KG: So the question is the following, should we apply a validation rule that if the heading is 100 that the 4XX must be 400 and the 5XX must be 500? No. See examples 

https://lccn.loc.gov/no2007000953

https://lccn.loc.gov/no2019024399

MM: We did it in our legacy system, after few moths we had to gave up with this validation So no. Check https://lccn.loc.gov/n79043402

NOTE - When we allow for creating a local authority via UI or support creating local authority records via DI then we should consider tenant level MARC validation rules related to this question. 

Duplicate Headings

Do we want to prevent saving an authority record if a similar heading with the same heading type already exists in the system?

For example, having 2 records that have "Apple Inc." in 110 field.

KG: 

Pavlo Smahin  - can you provide an example? 

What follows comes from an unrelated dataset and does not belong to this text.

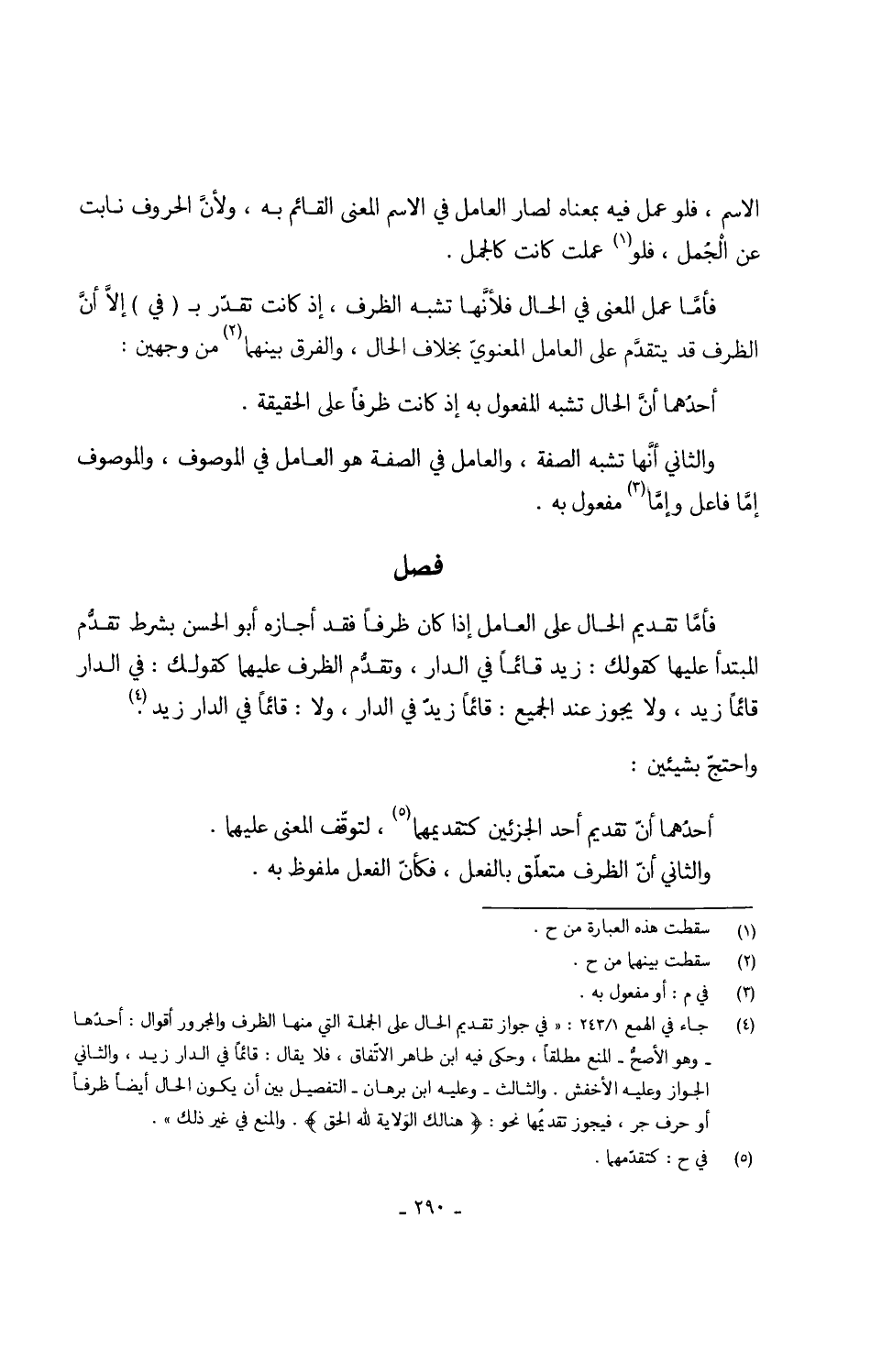 فأمَّا عمل الْمَعْنى فِي الْحَال فلأنَّها تشبه الظّرْف إِذْ كَانَت تقدّر ب (فِي) إلاَّ أنَّ الظّرْف قد يتَقَدَّم على الْعَامِل المعنويّ بِخِلَاف الْحَال وَالْفرق بَينهمَا من وَجْهَيْن أحدُهما أنَّ الْحَال تشبه الْمَفْعُول بِهِ إِذْ كَانَت ظرفا على الْحَقِيقَة وَالثَّانِي أنَّها تشبه الصّفة وَالْعَامِل فِي الصّفة هُوَ الْعَامِل فِي الْمَوْصُوف والموصوف إمَّا فَاعل وإمَّا مفعول بِهِ

Hey Pavlo Smahin  - Allow the save. Eventually we will have a duplicate headings report that allow the cataloger to make the correction if necessary. 

Duplicate Tracing FieldsDo we want to address duplicates in search results by cleaning up duplicate tracing fields? For instance, if multiple 400 fields with the same values exist in a MARC record, should the search results remove the duplicates?

KG:  No. The example seems very edge case. I cannot imagine this will happen very often. We can always support as a tenant level MARC validation rules check AND/OR a report that allows catalogers to correct these issues.  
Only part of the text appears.